With One Colossal Mistake, the NCAA Lost Control of College Football - WSJ

Essentially says that the crucial mistake was in the early 1980s when the NCAA', led by Walter Byers, wouldn't negotiate a settlement with a group of schools led by Oklahoma and Georgia.

Byers balked at allowing expansion of TV broadcasts, reasoning that if fans had lots of options to watch games on TV, they wouldn't buy tickets to live games.

The short version is that the group, then called the Collegiate Football Association (CFA), wanted more money from the broadcast rights. Byers dug in and wouldn't budge a millimeter. The CFA sued and won.
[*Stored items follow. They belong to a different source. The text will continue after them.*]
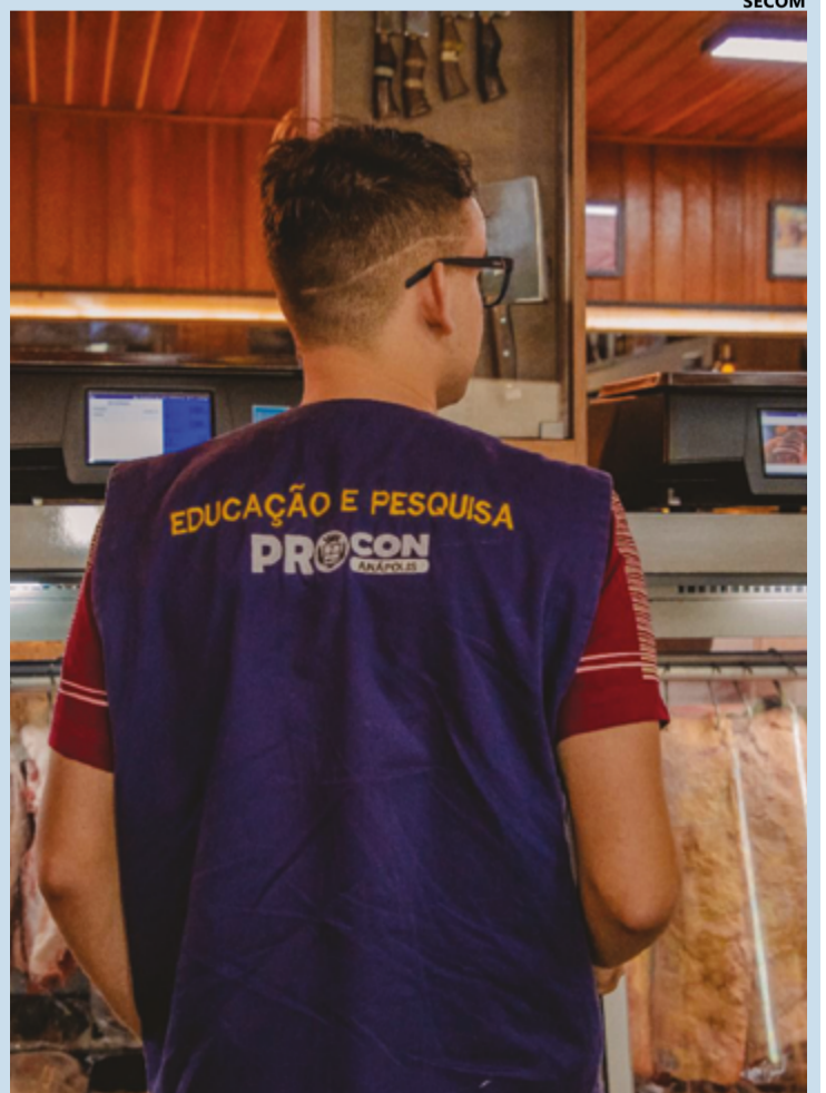
Fiscais do Procon realizaram levantamento comparativo de preços em açougues de supermercados e casas de carnes, entre 8 e 15 de outubro
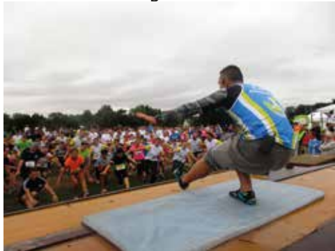
Echauffement collectif avant le départ

De nombreux Fleurinois, en couple et en famille, sont venus s'adonner aux joies de la course à pied, arborant tous un large sourire.
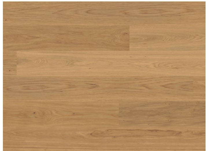
Eiche Classic ◆ strukturiert, geölt ◆ strukturiert, matt versiegelt
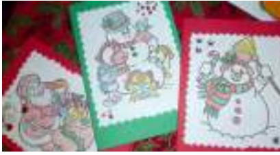
NOËL CRÉATIF: sapin étoile boule et carte de Noël

Which led eventually to the setup we have now in which television carries dozens of games every weekend and a few on most days of the week.

The article says that this was the beginning of the slippery slope that ends up where we are today.

I'm not sure I buy into that. I think the mistake was an arbitrary and totally inconsistent process, with no transparency whatsoever, by which the NCAA enforced amateur status of athletes and their academic eligibility. That led to every single school being well and truly ticked off at them, and eventually to lawsuits on pay-for-play. Then they caved on the transfer portal -- which, if the schools had united, could have been avoided. But by then, the NCAA had no political capital.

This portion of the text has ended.